Наутро помер майор Басманов, а выживший Матвей отправился в свое другое измерение. Уходил он медленно, по пути меняясь, день за днем обрастая новыми подробностями: появились борода и тяжелая суковатая палка по руке, неспешным, тяжелым стал шаг, слова порастерялись, набралось молчания... А потом этот дом в поселочке возник, и бабка Груня, и Карат, и зимний тулуп, и ватник на осень и весну, и хватка колоть дрова, и с печкой управляться, и многое другое, что могло показаться сутью, но было лишь предисловием к сути.

А суть нарастала медленно. Матвей сопротивлялся: она представлялась ему темной пульсирующей массой, набухающей, вяло клокочущей, страшной до озноба, до мурашек, колюче бегущих по коже от затылка к пяткам, а потом по рукам, по кистям, да самых пальцев, и пальцы дрожали. Просыпался посреди ночи, выходил курить на крыльцо, вполголоса говорил звездам: "Не дай мне Бог сойти с ума...", и звезды согласно мигали: "Не дай..." Он отталкивал нарастающую суть, пугался ее, называл безумием и содрогался от прежде неизвестного ему страха. И неравная эта борьба тянулась долго, выкручивала нервы, высасывала душу, пока однажды, обессиленный, измотанный, дрожащий, не вышел он на обычное свое крыльцо... То все как-то ночью выходил, а тут - под утро проснулся.

И увидел рассвет.

Просто рассвет. Июньский. Обычный - розовеющий с востока.

Завороженный, не мог оторвать взгляд. Не шелохнувшись, стоял до чистого утреннего неба.

И тогда отчетливо понял, что это - чудо. А значит, глупо не верить в чудеса.

Вот и прорвался он за барьер - без взрыва, в тишине.
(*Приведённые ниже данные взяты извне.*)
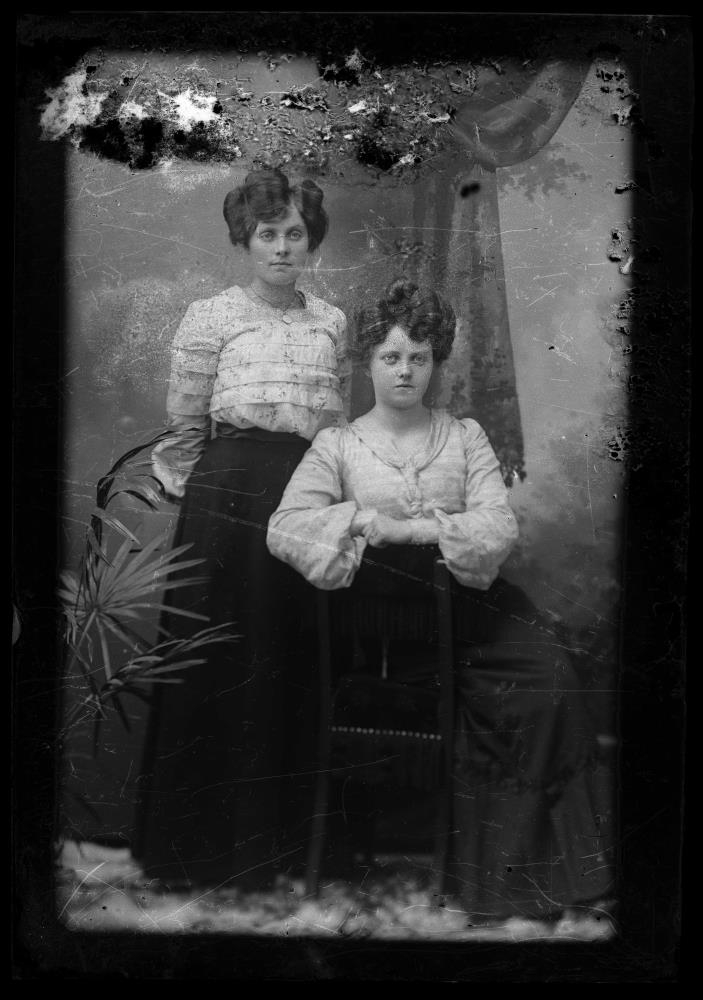 „Stelpan til hægri er Kristín Petrína Biering (9. maí 1886 - 28. maí 1953). Giftist Peter Petersen (Bíópetersen).“ (SBBP 2021)

За барьер трезвого смысла, одномерности и расчета.

Лишь потом, много спустя, он все это вспомнил, обдумал, исчислил и назвал именами, а тогда словно стронулось что-то в мире, переменилось, и только одно откровенно и ясно предстало перед ним: он обречен на войну с этой слепой жизнью, не знающей своего будущего. Он победит тьму, развеет ее, и каким бы диким, нелепым ни казалось со стороны это противоборство, он вступит в него. Ради этого были летные годы, ради этого - самообман сроков, ради этого - мучительное воскрешение. Все не случайно: он избран, отмечен, предназначен.

Исчезла темная, клокочущая масса, исчез страх, внезапно обнажилась суть, и была она прекрасна.

- ...Что это вы не спите? - сказал Матвей, и вышло грубо, будто был он сварливый хозяин и цеплялся к жиличке.